Şu an kardeşimi tanıyorsam Defin özgüvenli bir şekilde tekli koltukta oturuyordu. Murat Defin’in özgüvenine aşık olduğunu biliyordum ve şimdi bunda ne kadar haklı olduğunu bir kez daha anladım. “Küpesini almaya gelecektir. Kardeşime zarar gelmeyecek Kerem.”

“Merak etme. Kardeşin bana emanet.”

“Benim Defin olduğumu bilmiyorlardır ama öğrenirler. Bu Miro dediğiniz adam babama kafayı takmış durumda." Ortam bir anda sessizleşmişti. Konuşacakları bitti sanırım. "Defne buraya gel kardeşim. Orada durmak zorunda değilsin.” Göz devirip oturma odasına geçtim. Defin benim halime gülerken bende aptallığıma üzüldüm. İki askerin olduğu evde neyi gizli saklı dinlemeye çalışıyorsam.

“Gülme.” Sakince Kerem’in kucağına oturdum. “Demek siz anlaşıp planlar yaptınız?”

“Hayır sevgilin plan yaptı. Ben sadece ona yardım ettim. Birde biri bana yine saldırmaya kalktı. Hastane önünde, silah çekmemi beklemiyordu. Adamı Barut'la aldık.” Diyerek ellerini açtı. “Evet şimdi aç mısınız söyleyin.” Defin’i onaylayıp kardeşimle beraber mutfağa geçtim. Güzel bir yemek hazırladığımızda masayı da hazırlamaya başladım. Kerem sessizce bizi izliyordu. “Komutan gel hadi.” Diyerek Kerem’i çağırdım.

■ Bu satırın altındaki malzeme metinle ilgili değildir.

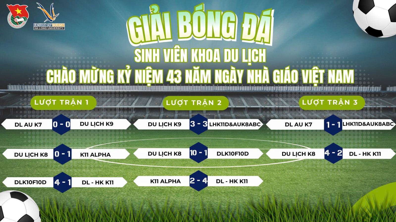 Giải bóng đá nam sinh viên Khoa Du lịch chào mừng ngày Nhà giáo Việt Nam 20/11 đã diễn ra thành công tốt đẹp, để lại nhiều khoảnh khắc đáng nhớ và tiếp tục khẳng định tinh thần thể thao, đoàn kết của sinh viên Khoa Du lịch. Hoạt động là động lực để sinh viên tiếp tục rèn luyện, phấn đấu và xây dựng môi trường học tập năng động, tích cực tại Trường Đại học Hạ Long.

Kerem masaya geldiğinde Defin’e de oturmasını söyleyip tabaklarını doldurdum.

“Amaç seni korumaktı ve başarılı da oldum sayılır. Defin seni tehdit etmeye çalışan herkesi tek tek indirdi.”

“Yani Miro senin deli dolu ve baya yetenekli bir doktor olduğunu sanıyor.”

“Silah kullanmayı öğrenmen gerekiyor.” Çatalımı tabağımın kenarına bırakıp “Ben silah kullanmayı biliyorum Kerem. Sadece tercih etmemeye çalışıyorum o kadar.” Tabağımdaki brokoliden bir lokma daha aldım. “Defne bildiğini biliyorum ama kullanmakta tereddüt etmeyi bırakman gerekiyor.” Kerem’e karşı çıkacağım da Defin de onu desteklemişti.

“Babam bizi iyi yetiştirdi. Yakın dövüş, silah kullanımı. Sanki bizi bir şeye alıştırmaya çalışıyor gibiydi.” Defin yemeğini yerken konuşuyordu. “Liseye geçene kadar yakın dövüşte ileri seviyeye gelmiştik. Liseye geçtiğimizde biz ailemle çiftlik evindeydik. Hafta sonları babam bize silah kullandırtırdı.”

“Denef silahı kullanmaktan çok korkardı ama Defin de bende oldukça severdik silahla atış yapmayı. Çiftlik evi bizim güvenli evimizdi. Sığınağımız. Evimiz bir kez saldırıya uğramıştı. Çiftlik evi diğer evimizdi. Kaç yaşındaydık Defin?”

“On olmalıydı. Birde dört yaşındayken alışveriş merkezinde saldırı olmuştu.”

"Bu olay bitene kadar teyakkuz halinde olacağız."

Defne hızlıca merak ettiği ve anlamadığı için babasına döndü. "Teyakkus ne demek baba?"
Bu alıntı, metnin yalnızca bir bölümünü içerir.